The record position information specifying method according to claim 10,
The index file generated for each data item is
A value list for storing unique item values belonging to the data item in a predetermined order;
A cumulative number list for storing the cumulative number of records in the database for each item value in the storage order of the value list;
A sort list for storing the order of the record numbers after the database is sorted in the predetermined order using the data item as a key item;
The location information specifying step includes:
Search value determination for determining a search value including a target position, which is a virtual position in the virtual integrated sort database, designated by the user, using the value list of the key items, the cumulative number list, and the sort list. Steps,
Using the value list, the cumulative number list, and the sort list of the key item, a table to which a search value corresponding to the target position in the determined search value belongs, and a rank in the table are represented by the position. And a position information specifying step for specifying the information as information.
The record position information specifying method according to claim 10,
The index file generated for each data item is
A sort list for storing the order of the record numbers after sorting the database in a predetermined order using the data item as a key item;
An original data list for storing the item values of the database in the data item, in an initial arrangement order;
The location information specifying step includes:
A search value determination step for determining a search value including a target position, which is a virtual position in the virtual integrated sort database, designated by a user, using the sort list of the key items and the original data list;
A position that uses, as the position information, a table to which a search value corresponding to the target position in the determined search value belongs, and a rank in the table, using the sorted list of the key items and the original data list An information specifying step; and a record position information specifying method.

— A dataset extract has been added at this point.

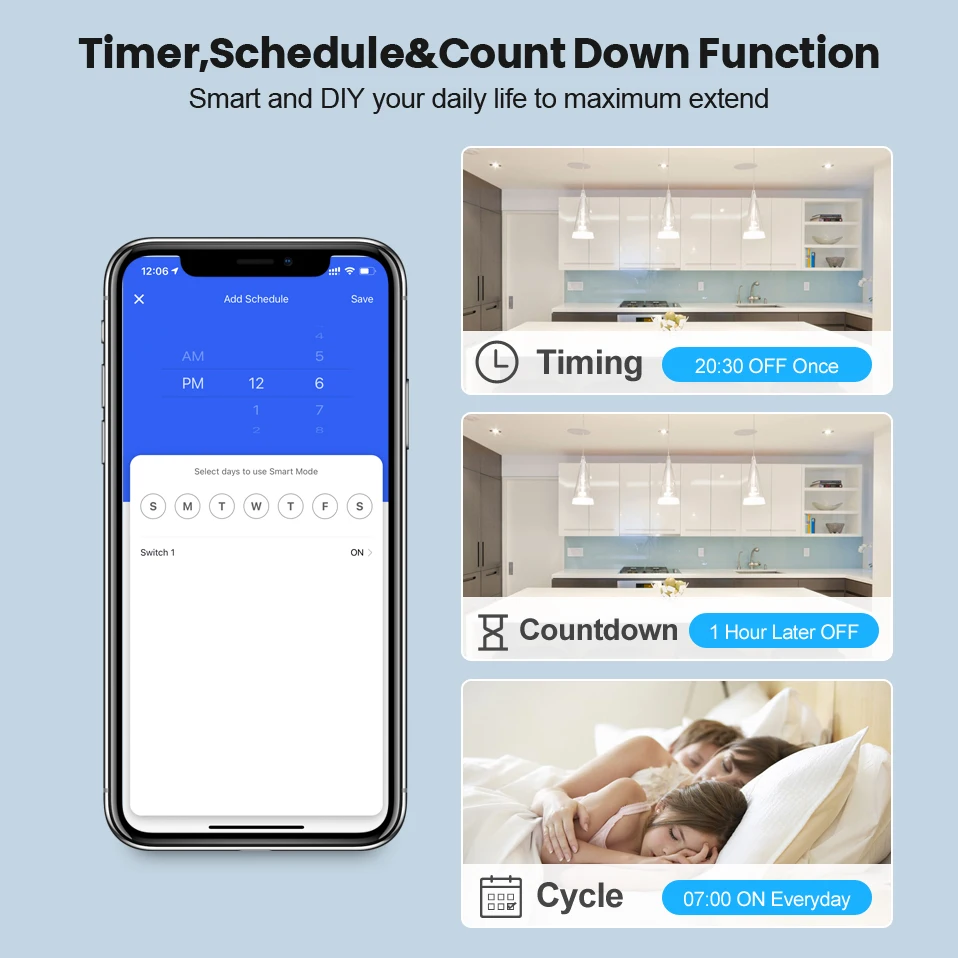 [Таймер, расписание и функция отсчета] --- вы можете создать расписание в соответствии с вашими личными требованиями, а также время и отсчет, умный и DIY ваш ежедневный срок до максимального расширения.
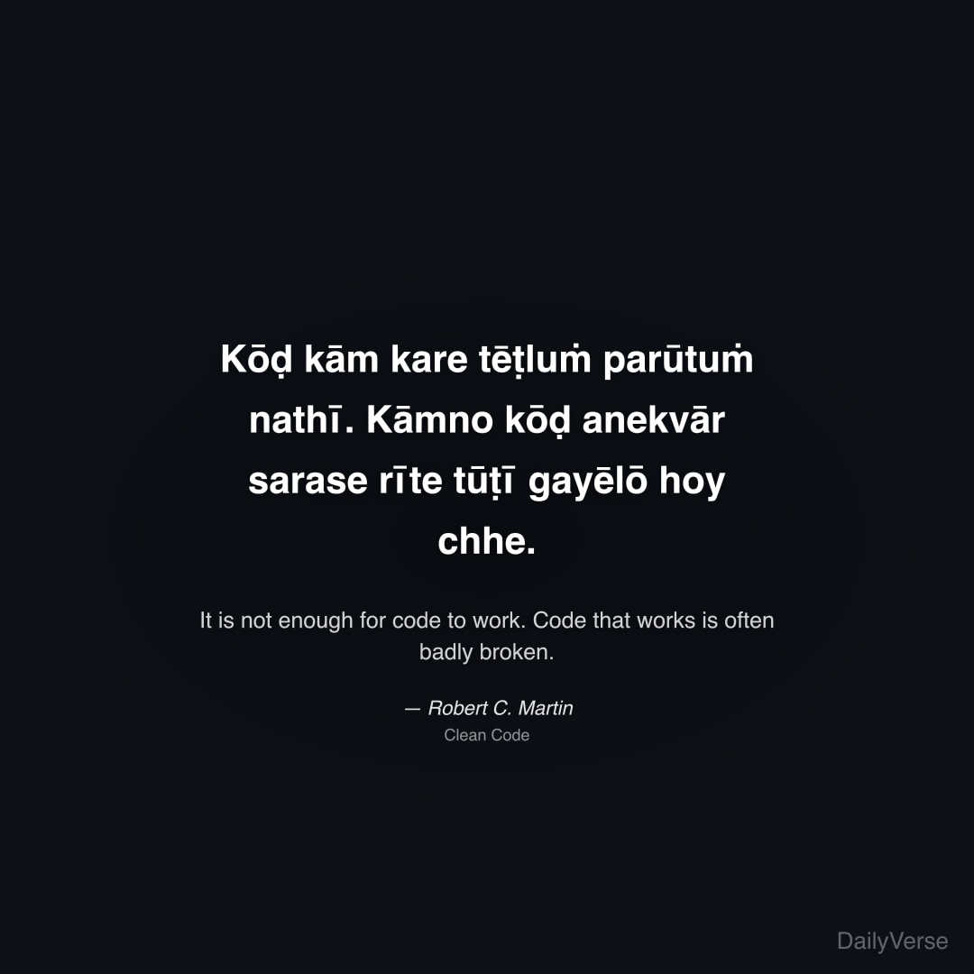 "Kōḍ kām kare tēṭluṁ parūtuṁ nathī. Kāmno kōḍ anekvār sarase rīte tūṭī gayēlō hoy chhe." — Robert C. Martin

A record extraction method for extracting a desired record from a database comprising a record for storing an item value for each predetermined data item and a record number uniquely assigned to each record,
The record extraction method characterized by including the record extraction step which extracts the said desired record according to the positional information specified by the record positional information specific method of any one of Claim 9-12.
Computer
Each of the databases consists of a record storing a value for each predetermined data item, and each record of each database is uniquely assigned with a record number in advance, using an index file included in each database. An information processing program that functions as position information specifying means for specifying position information of a desired record,
The index file is generated from each of the databases, and for each data item, obtains the record number from the item value of the data item, and obtains the record number from the order of the sort database,
The information processing program, wherein the sort database is obtained by sorting a virtual integrated database obtained by virtually integrating the plurality of databases using the data items as key items.